Antonella juga menyoroti potensi tumpang tindih kelembagaan apabila mekanisme Panitia MHA berdasarkan Permendagri 52/2014 diterapkan di Bali, mengingat telah terdapat DPMA dan Majelis Desa Adat (MDA) yang memiliki mandat berdasarkan Pergub Bali Nomor 4 Tahun 2020. Selain itu, pengakuan terhadap Desa Adat di Bali telah berlangsung jauh sebelum Permendagri tersebut diterbitkan dan praktik pendaftaran tanah atas nama Desa Adat juga telah berjalan. Karena itu, diperlukan kejelasan mengenai hubungan dan harmonisasi antara regulasi nasional dengan kerangka hukum yang telah berlaku di Bali, termasuk terkait status dan kepastian hukum pendaftaran tanah Desa Adat.

Lebih lanjut, Antonella menyampaikan bahwa Data wewidangan yang dimiliki DPMA dapat dikembangkan sebagai dasar wali data dan pemetaan wewidangan Desa Adat untuk diintegrasikan ke dalam RTRW Provinsi maupun Kabupaten/Kota. Menurutnya, pemetaan spasial Desa Adat dalam RTRW masih perlu diperkuat. Sebagai penutup, Antonella merekomendasikan sebuah kebijakan yaitu pembentukan satu produk hukum Provinsi Bali yang Tunggal. Produk hukum ini diharapkan dapat menyatukan ketentuan dalam Peraturan Gubernur Bali dan Pedoman MDA ke dalam satu payung hukum yang utuh. 

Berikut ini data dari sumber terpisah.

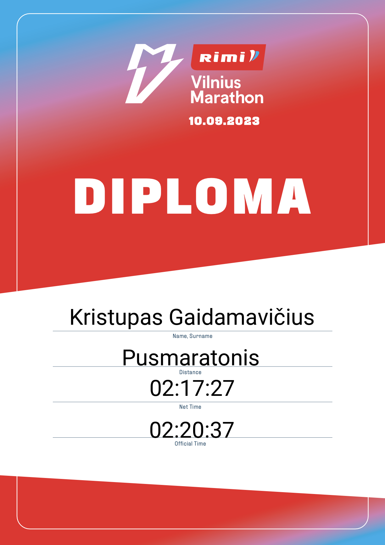 | 1493 | Kristupas Gaidamavičius | 14094 | Lithuania | Pusmaratonis | 02:20:37 | Diplomas | |

Dalam sesi tanggapan, Kepala DPMA Provinsi Bali, I Gusti Agung Ketut Kartika Jaya Seputra, S.H., M.H., menyampaikan bahwa Permendagri No. 52 Tahun 2014 dan Perda Provinsi Bali tidak perlu dipertentangkan. Menurutnya, keduanya memiliki tujuan yang sama dalam memberikan pengakuan dan perlindungan terhadap hak masyarakat hukum adat, dengan tetap berpegang pada prinsip pasuwitran nyatur desa. 

Tanggapan berikutnya disampaikan oleh perwakilan Kemendagri, Rudi Ardiansyah, S.Sos., M.A., yang menekankan pentingnya pengakuan formal masyarakat hukum adat oleh pemerintah daerah. Pengakuan tersebut dinilai menjadi kunci untuk memberikan kepastian hukum atas hak-hak tradisional masyarakat adat dalam berhubungan dengan kementerian dan lembaga sektoral di tingkat nasional. 

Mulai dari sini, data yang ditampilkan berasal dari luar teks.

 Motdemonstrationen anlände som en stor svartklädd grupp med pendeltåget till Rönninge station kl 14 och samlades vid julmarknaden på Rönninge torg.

Dr. I Ngurah Suryawan, dosen sekaligus antropolog, menanggapi bahwa pengakuan dan kedaulatan masyarakat adat tidak cukup hanya dilihat dari aspek legalitas. Ia menilai kondisi sosial, budaya, politik, serta ruang hidup masyarakat juga perlu menjadi pertimbangan dalam kebijakan, sehingga kebijakan yang lahir dapat memperkuat desa adat dan kedaulatan rakyat atas ruang, bukan justru melemahkannya. 

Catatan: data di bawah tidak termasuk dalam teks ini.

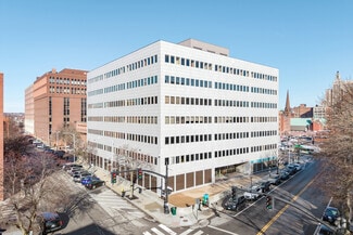 This seven-story, 119,000-square-foot building delivers wide-open floor plates designed to support modern, flexible office environments, with availabilities ranging from 2,283 square feet to full floors of approximately 17,000 square feet. The top two floors can be combined to create a contiguous, large-scale corporate office environment, ideal for headquarters-style users. Recently renovated options include a move-in-ready corner suite with a blend of open workspace and private offices, new finishes, an IT room, conference space, and 9-foot finished ceilings. Additional offerings include a premier executive floor featuring architectural millwork, glass detailing, shower facilities, and private restrooms. Extensive parking, with 70 spaces in the deck and 100 in the underground garage, combined with on-site security, professional property management, high-end finishes, and exceptional window lines positions One Weybosset Hill as an ideal headquarters-style environment for professional, institutional, or nonprofit users seeking quality, scale, and efficiency.

Sementara itu, Ketut Sumarta, perumus Perda Desa Adat Bali, memberikan tanggapan mengenai status wewidangan. Ia menjelaskan bahwa wewidangan sebagai objek hukum telah diakui secara prinsip pada tingkat makro melalui Perda Bali No. 2 Tahun 2023 Pasal 4 ayat (6), tetapi belum tersedia secara formal pada tingkat mikro atau kadastral. Menurutnya, kondisi tersebut merupakan kesenjangan administratif yang perlu diakui secara terbuka.